The implications for nurses in the future of health care are vast, according to Gibbons. “We already do a lot of inpatient care. I’m suggesting there’s a huge amount of innovation, of new types of nursing models, of new types of care delivery. There’s tremendous opportunities for nurses."
In its 27 year, SINI is chaired by UMSON’s Charlotte Seckman, PhD, RN-BC, CNE, associate professor of nursing informatics, who heads a 17-member committee of nursing leaders from throughout the country. Other committee members from UMSON included: Patricia D. Franklin, PhD, RN; Arpad Keleman, PhD; Mary Etta Mills, ScD, RN, NEA-BC, FAAN; Eun-Shim Nahm, PhD, RN, FAAN; Ernest Opoku-Agyemang, MS, MA, RN; Ronald Piscotty Jr., PhD, RN-BC; and Sonia Smith, BS.

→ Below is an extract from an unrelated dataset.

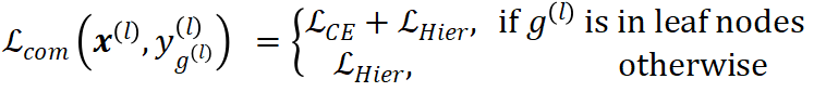 为了进一步加强网络对于细粒度叶子节点的区分能力,我们进一步结合多类交叉熵损失函数,形成最后的复合损失函数优化整个网络:
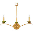 The Flannery Wall Sconce features a classic flowing frame with tapered ends that arc gracefully outward. Hand-forged from wrought iron in a contemporary gold leaf finish, the structure is both sculptural and refined. At each light, recycled green glass bobeches add a subtle pop of color and texture, catching the light to create a soft shimmer. The combination of warm metal and artisan glass gives the chandelier a timeless yet distinctive character. The three-light fixture is dimmable.

The conference offered lectures on topics ranging from self-management health applications to leveraging the power of digital health data for chronic diseases to engaging geriatric patients and caregivers with technology. Peer-reviewed presentations highlighting advances in informatics are also part of the annual event.
For first-time attendee Rosella Ganoudis, MSN, MBA, RN, CCRN, a senior clinical analyst at Union Hospital of Cecil County, the institute was eye opening.
“I’ve learned a great deal,” she said. “Seeing what other people have done with technology makes me think of what else we can be doing with similar technology.”
For Vickie Elliott, RN, CCRN-CSC, a clinical informatics nurse at Peninsula Regional Medical Center in Salisbury, attending her third SINI, there is always something new to learn.
“We all have similar problems. It’s great to get ideas on how others handle them,” she said. “The speakers have been fabulous.”
SINI 2018 will be held July 17-20 at UMSON.